Unity’s ECS on top, Entitas on the bottom.

After all, it’s a real son, and the System in UnityECS is three-pronged. The [BurstCompile] tag is used for all jobs. For details, the document is here:

Docs.unity3d.com/Packages/co…

Burst

Unity is currently pushing a compiler that claims to be faster than the C++ compiler. Here’s the description from the official website:

This part of the structure is mainly hit high-performance keywords.

Before we get to LLVM, let’s take a quick look at the technical solutions Unity has been using.

Open the new version of Unity (2018.4) and you can see this in the Player Setting option:

The current default is Mono and IL2CPP.

Mono

Mono, needless to say, is the foundation of Unity’s cross-platform platform and the means by which it got started. After so many years with Unity, it’s time to retire.
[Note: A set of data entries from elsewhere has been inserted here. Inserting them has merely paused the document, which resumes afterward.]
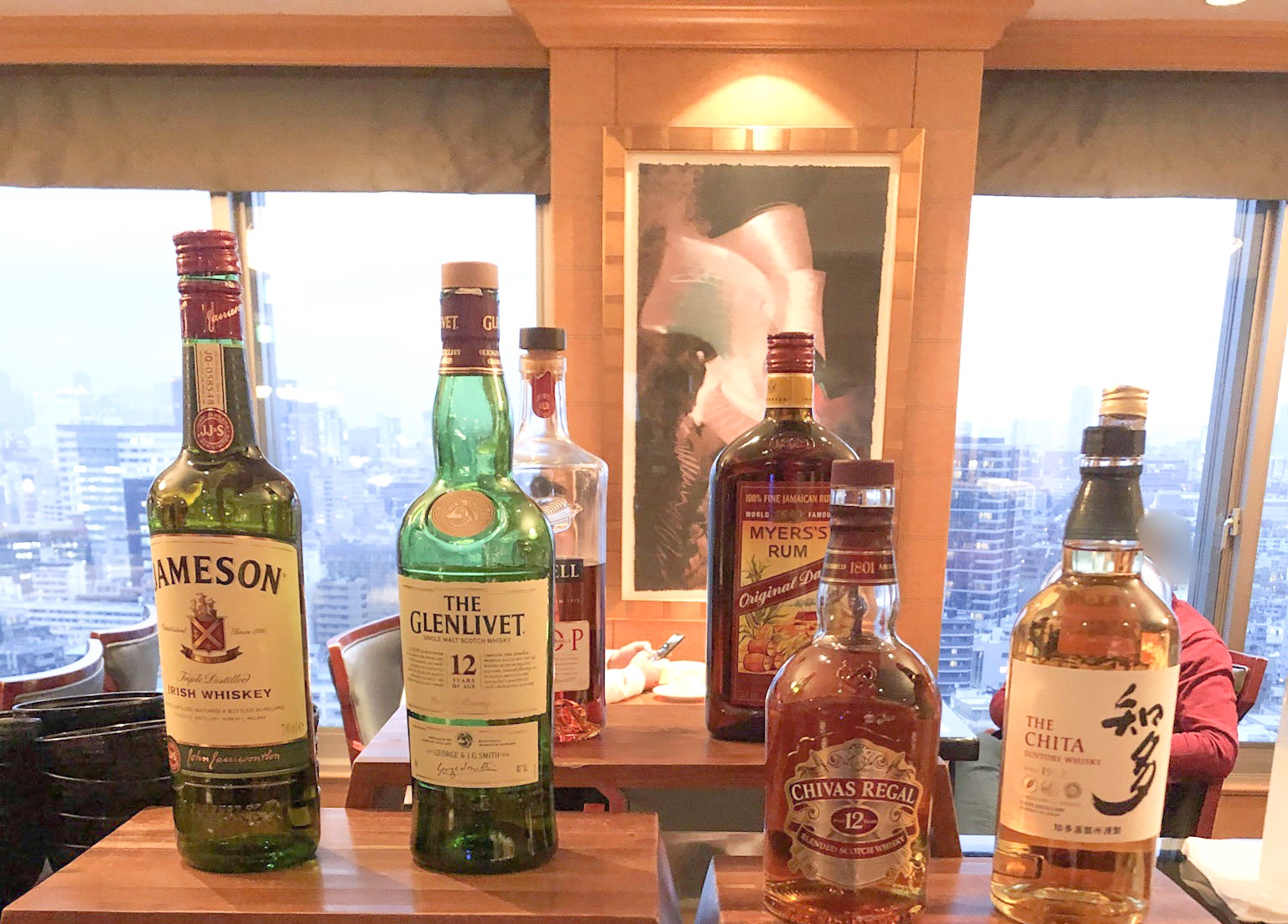 ここのラウンジのいいところは、なんと言ってもアルコール類、特にウィスキーの豊富さです。ワイン(赤・白・スパークリング)やビール(エビスとサッポロ)などのスタンダードなものはおさえつつ、ウィスキーは「シーバルリーガル12年」「THE GLENLIVET」「JAMESON」「知多」と4種類も用意されており、好みに合わせて選べます。また、ジン・ウォッカ・テキーラなども用意されているので、ジュースで割ってカクテルを楽しむこともできるようになっています。
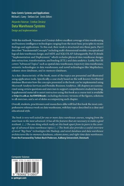 "The book is very well suited for one or more data warehouse courses, ranging from the most basic to the most advanced. It has all the features that are necessary to make a good textbook. (...) The one thing which really set this book apart from its peers is the coverage of advanced data warehouse topics (...) The book also provides a useful overview of novel "Big Data" technologies like Hadoop, and novel database and data warehouse architectures like in-memory databases, column stores, and right-time data warehouses." from the foreword by Torben Bach Pedersen, Aalborg Universiteit, Denmark
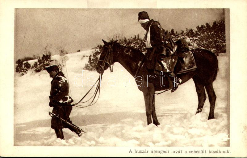A huszár átengedi lovát a sebesült kozáknak. Az Érdekes Újság kiadása / WWI Austro-Hungarian K.u.K. military, hussar passes his horse to the wounded Cossack
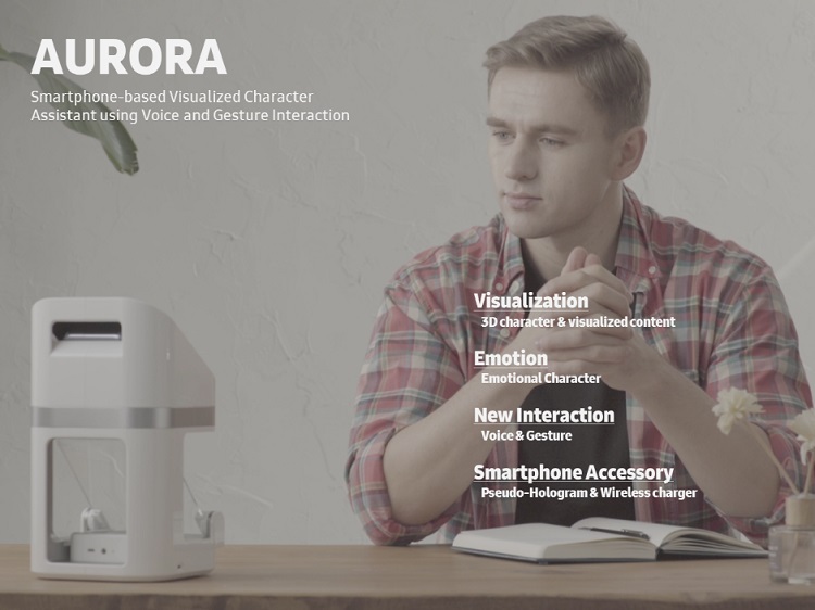 '오로라'는 보이는 음성 비서로, 해당 디바이스에 스마트폰을 거치하면 유사 홀로그램 형태의 귀여운 캐릭터인 '오로라'가 나타나 사용자와 대화하듯이 표정과 동작을 지으며 음성 비서 기능을 수행한다.

As an execution vehicle for IL middleware, ILR is provided for different platforms.

 

Take a look at the execution of Mono.

Although it was cross-platform for Unity, the problems accumulated and Unity had to ditch it and look elsewhere for several reasons:

  • Mono’s copyright restrictions mean Unity often doesn’t use the latest C# features in the latest releases.
  • Performance is a big problem, after all, it’s a virtual machine.
  • Maintenance is very difficult, and while IL is standard, VM is not! Mono is an open source project, but it doesn’t keep up with VM authoring for every new hardware platform, so Unity has to port or write it itself. Some Web-based platforms, such as WEBGL, are almost completely rewritten.
  • Mono cannot fulfill the 64-bit version requirements. In particular, Google made it mandatory in August that apps in the Google Store also be available in 64-bit versions. IL2CPP is currently the only option that meets the requirements.

IL2CPP

IL2CPP is a tool that converts IL to CPP, as the name suggests.

 

As you can see in red below, IL2CPP rewrites the compiled IL code into CPP code, which, when compiled into native platform executables using each platform’s native compiler, greatly improves performance by abandoning the virtual machine and optimizing for the native compiler.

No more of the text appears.